At this, his lowest point, Whitley accepted an entreaty from his brother Dan to go and rest up at the ranch house of an old family friend in Houston. Once back in Texas he began experiencing chronic pains in his right leg. He’d had a long-standing aversion to doctors, but was persuaded to go for a check-up. He was subsequently diagnosed with terminal lung cancer. Buerger flew from Dresden to Houston to join Whitley’s family at his side.
“He looked like a dying man,” she remembers. “Within a couple of days he decided to leave hospital and go back to the ranch, which he hated; he didn’t want people thinking he’d returned home to die. During those last weeks he was fighting through all these situations where he’d fucked up or felt humiliated. Some of them happened thirty years ago, but Chris could not let them go. He also had this typical son thing of hating his father for certain things, but really just wanting a hug from him. His dad never gave him that, not even on his deathbed.”
Chris Whitley died at 4pm on Sunday, November 20, 2005. He was 45 years old. Both his brother and Buerger believe that at the end he was at last at peace.
“I was alone with him in his room,” Buerger recounts. “I held him, lay on his chest and told him how much I loved him. He always used to say to me: ‘Have a safe trip,’ even if I was just going to drop my child at kindergarten. So that’s what I said to him: ‘Have a safe trip.’ He exhaled, and that was it. It was just a breath and it was beautiful.”
In the years since his passing, life has rolled on for those who knew and loved Chris Whitley.
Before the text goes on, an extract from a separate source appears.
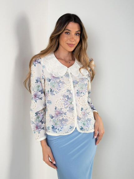 T-shirt branca de manga curta com coração bordado e pormenores de strass. T-shirt para senhora com decote redondo.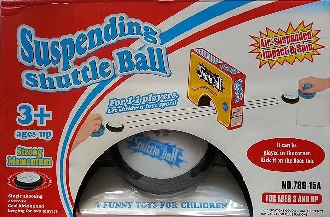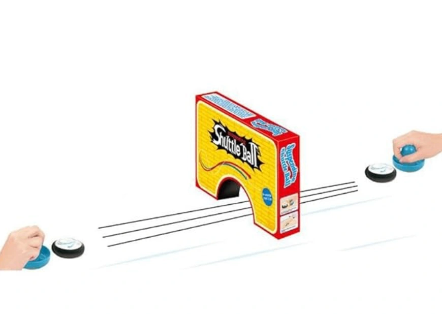 Suspending Shuttle Ball tabletop game — a fun hover-style air hockey game for kids and families. The puck floats on air, allowing players to hit it back and forth using the handheld paddles.

Trixie Whitley sings with Daniel Lanois’s band. In 2014 Dan Whitley made his first record, at the age of 51 and with Malcolm Burn producing. Jonathan Mayor is currently entering the Whitley documentary Dust Radio into film festivals and seeking a distributor.
Susann Buerger returned to Dresden and now works as a photographer. In accordance with Whitley’s wishes, she took his ashes to scatter at various sites that had meaning to him. She intends to make her final pilgrimage on the anniversary of his death this year and will let the last of him go into the River Elbe.
Whitley’s legacy remains etched into the records he made. They are the bruised works of a gifted musician who simply hurt too much.
“When he felt safe and loved he had a lot of beauty and joy,” Buerger insists. “But he was also a very doubting person, and most of all of himself. That was painful to watch. He used to tell me that he was a piece of shit and that sooner or later I’d leave him. I was twenty-eight when he died, and I wish I’d been more mature and able to convince him to stop hating himself. On the other hand, I saw a different person at the end, someone who was not afraid any more.”